なぜ、ヤフーでは納税者が負けて、IBMは勝ったの? 

 税理士の世界で話題になっている裁判といえばヤフーとIBM 超大型の節税スキームと思われるものを両者が実行して、裁判になりましたが、いまのとこ1審では、ヤフー納税者× IBM○

 

 なんで?  だって ヤフーは証拠がいっぱいあったけど IBMはないんだもん。
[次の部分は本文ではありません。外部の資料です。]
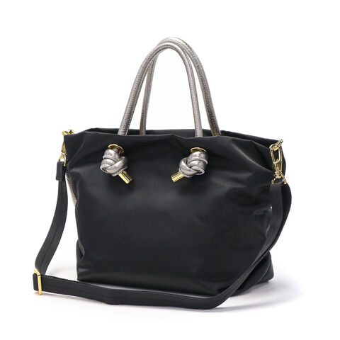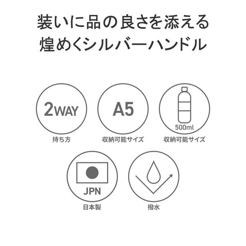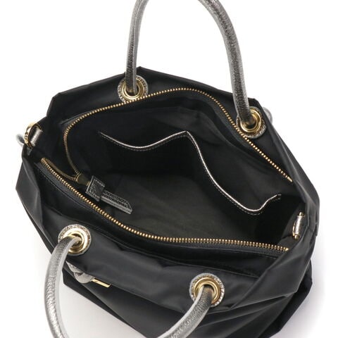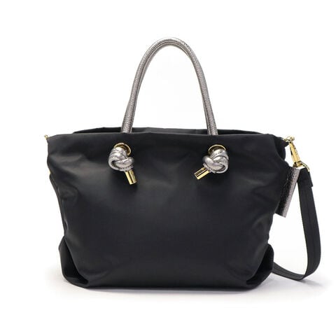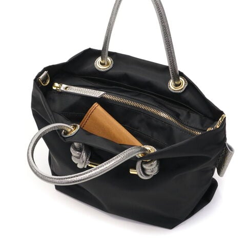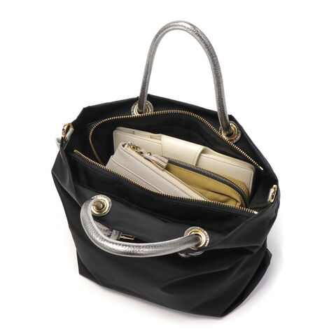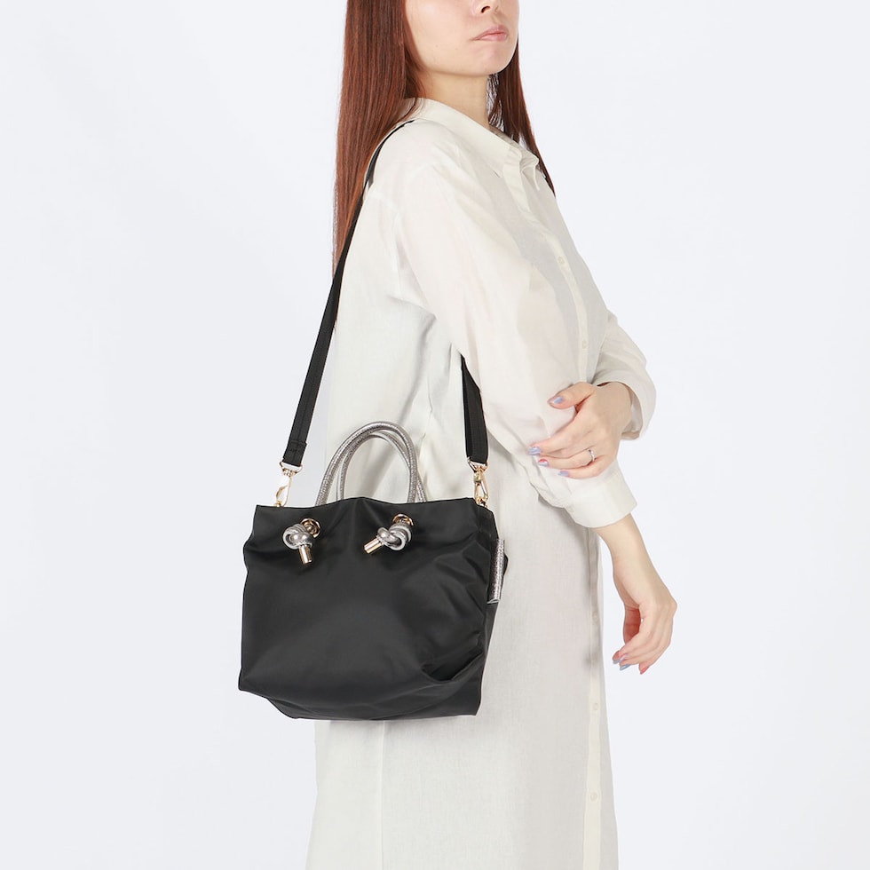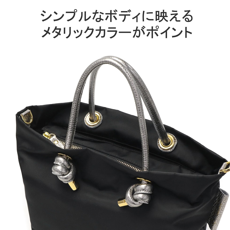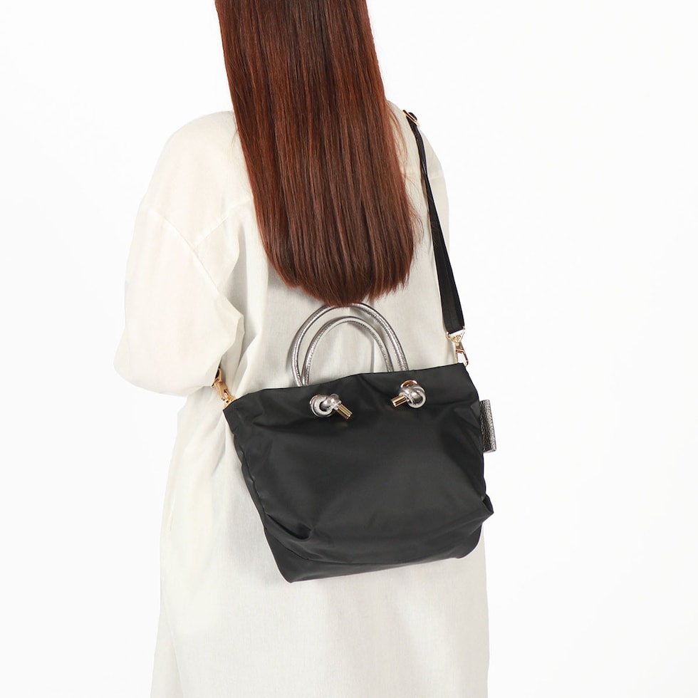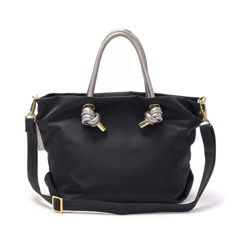 シンプルなデザインのボディに、メタリックレザーのノットハンドルがアクセントになった2WAYトートバッグ。内装はA5サイズが収容可能な大きさで、長財布やペットボトルなどが収納できます。弱撥水性が施されたナイロン素材で、お手入れがしやすく軽量に持ち運べるところもポイント。付属のショルダーストラップを取り付けて、斜め掛けや肩掛けなど持ち方を変えればコーディネートにも幅を利かせることができます。

やっぱ節税するなら海外で立案しないと♪ なーんて考えるとんでもない人たちがうじゃうじゃうじゃとでてきそうですが、

 

 このままいくと、高裁でもIBMについては納税者が○になりそうなんだけど、莫大なお金が無税に近い形で外国に流れるのはやっぱねという感情も勘定もあり、どーすれば国が勝てるのか 理屈をどう構築すればいいのかということを ここらへんの法律を作っていた朝長さんがT&A検証・IBM裁判で4回に渡ってお書きです。 文章が膨大で読むの大変でしたが(笑)

 

 IBMは 自己株式を取得した場合みなし配当と株式の譲渡損失が生じるのですが、みなし配当は税務上益金にならず、株式の譲渡損は税務上損金になる。つまり、含み益の多い株式を買い取れば、より損金が多くとれ節税効果が抜群になる。ここをついて節税をした会社はけっこうあったのですが、IBMは金額があまりにもでかかった。

 

 国としては否認したかったけど、同族会社の行為計算の否認とか実際に使う場合はなかなか難しい。そこでどうすればいいのかということで

 

朝長さんのいいたいことは 譲渡損を否認するのは難しいけど、みなし配当を否認するアプローチは可能ではないか また、同族会社行為計算の否認については、租税回避の「目的」があってやったというアプローチでやったら、「目的」を証明するような証拠がどこにもなかったので負けたけど、租税回避になる「結果」があれば、同族会社行為計算の否認となれるとすれば勝てるのではないかと。で、その「結果」を判断する際には、最近の社会通念や常識で考えるべきで、国際的な租税回避スキームは否定しましょうという世界的な流れもありますですし、いけるかもね というようなことではないかなあと。